In this Tuesday, Oct. 19, 2021, photo shipping containers are stacked up at Maersk APM Terminals Pacific at the Port of Los Angeles. (AP Photo/Damian Dovarganes)
In this Tuesday, Oct. 19, 2021, photo shipping containers are stacked up at Maersk APM Terminals Pacific at the Port of Los Angeles. (AP Photo/Damian Dovarganes)

Ongoing standstills at the nation’s largest port are driving prices through the roof. Others are stepping up to help, but it’s not enough to fix the problem. 
The Port of Virginia is already soaking up some of the congestion that’s plaguing the West Coast. They're operating very efficiently and hope to keep the cargo and turn it into long-term business.

“If you take your car and run it at 100 miles every day, that car is going to show wear and tear. The industry is being run every day at 100 miles an hour,” said Joe Harris, spokesman for the Port of Virginia.
As many as 73 container ships have been waiting to unload goods at the ports of Long Beach and Los Angeles this week – the largest ports in the nation, now a chokehold to the global supply chain.
“The warehouses are full,” said Harris. “The truck capacity is being soaked up because there's so much cargo that needs to be moved…And the ships keep coming.”

 L.A.-Long Beach processes about 10-million shipping containers each year.

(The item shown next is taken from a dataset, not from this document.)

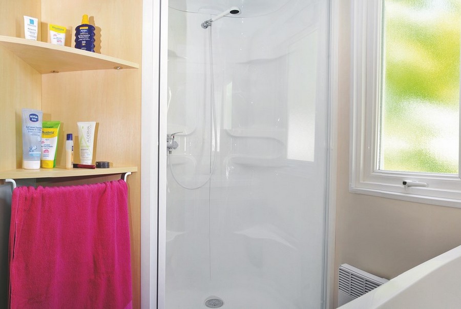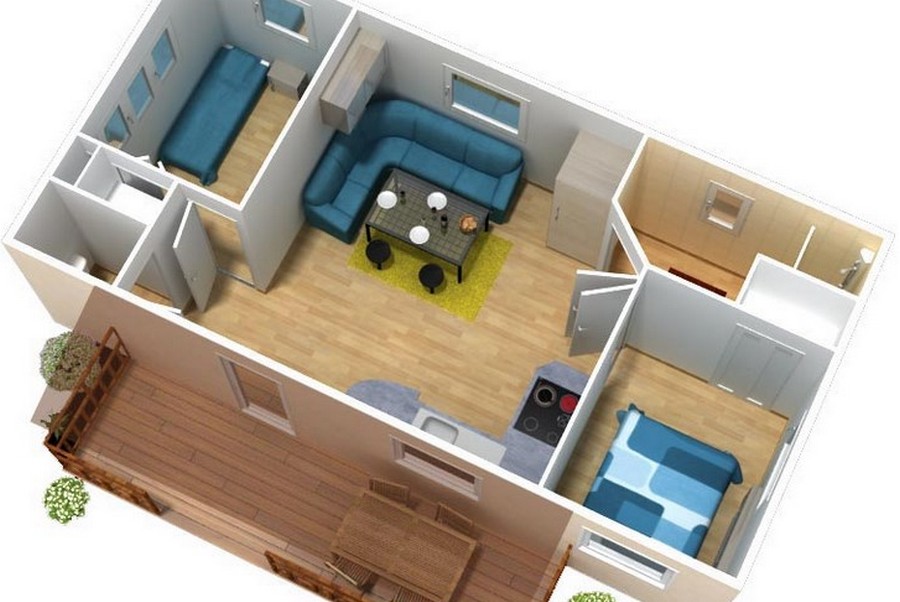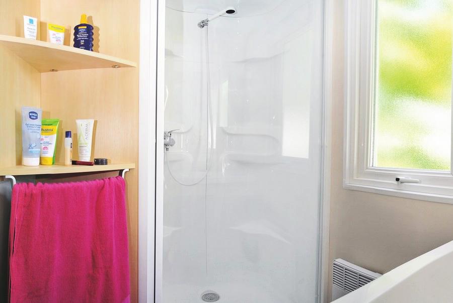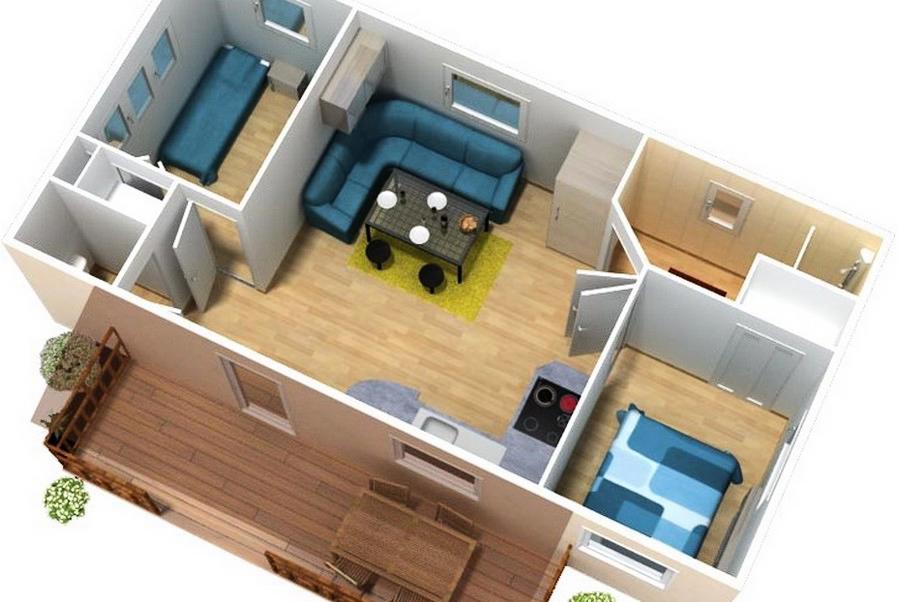 Mobil Home d'environ 28m² pour 4/6 personnes, composé d'un séjour avec banquette- convertible en lit pour 2 personnes (140x190), d'un coin cuisine équipé, d'une chambre avec 1 lit double (140x190), d'une chambre avec 2 lits simples (80x190), d'une salle de bains avec lavabo et douche, de WC séparés et d'une terrasse couverte intégrée. Année: 2010

In comparison, all the major ports on the East Coast process just above 8 million. 
With roughly 250,000 containers sitting idle on the West Coast, the president plans to call on the U.S. military for help with fixing the supply chain woes. 

Supply chain bottlenecks are driving inflation across America. Store shelves are bare and many have likely felt the impact in their wallet.
 "Inflation takes its worst toll on those who are on the lowest ladder of income and wealth. Poor people. For those who are well to do, it's not an issue – but for the middle class and those in lower class income – that's where the toll is taken and it's like they can't get a break,” said Mark Hamerick, Senior Economic Analyst for Bankrate.com. 

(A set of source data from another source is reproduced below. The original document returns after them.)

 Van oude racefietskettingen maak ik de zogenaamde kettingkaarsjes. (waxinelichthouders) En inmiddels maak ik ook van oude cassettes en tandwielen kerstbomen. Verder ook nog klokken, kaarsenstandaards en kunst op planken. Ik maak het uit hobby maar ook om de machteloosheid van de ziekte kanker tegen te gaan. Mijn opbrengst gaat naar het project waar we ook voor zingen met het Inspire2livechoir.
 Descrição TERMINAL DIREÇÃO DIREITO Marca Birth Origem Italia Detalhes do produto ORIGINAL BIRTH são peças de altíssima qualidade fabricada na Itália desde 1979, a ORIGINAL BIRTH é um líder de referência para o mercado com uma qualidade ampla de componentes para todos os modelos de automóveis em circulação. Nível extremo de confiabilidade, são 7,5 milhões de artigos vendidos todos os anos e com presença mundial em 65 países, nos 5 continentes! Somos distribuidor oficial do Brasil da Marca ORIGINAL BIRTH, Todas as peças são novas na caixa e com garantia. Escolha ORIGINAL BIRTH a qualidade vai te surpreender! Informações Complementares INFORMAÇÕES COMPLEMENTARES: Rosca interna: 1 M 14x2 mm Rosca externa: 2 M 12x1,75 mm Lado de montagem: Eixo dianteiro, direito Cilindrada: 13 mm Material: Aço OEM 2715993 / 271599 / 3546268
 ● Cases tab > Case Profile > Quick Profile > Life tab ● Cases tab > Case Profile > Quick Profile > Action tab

 Inflation is up more than 5% this year. The typical American household is now spending an extra $175  more each month on housing, groceries and gas. And it could be the new normal for months.
 “On a 12-month basis the inflation rate will remain high into next year because of what has already happened. I expect improvement by the end – by the end of middle to next year. Second Half- of 2022,” said Treasury Secretary Janet Yellen. 

 Major companies are charging more because of rising costs, like Nestle, Unilever, and Proctor and Gamble. 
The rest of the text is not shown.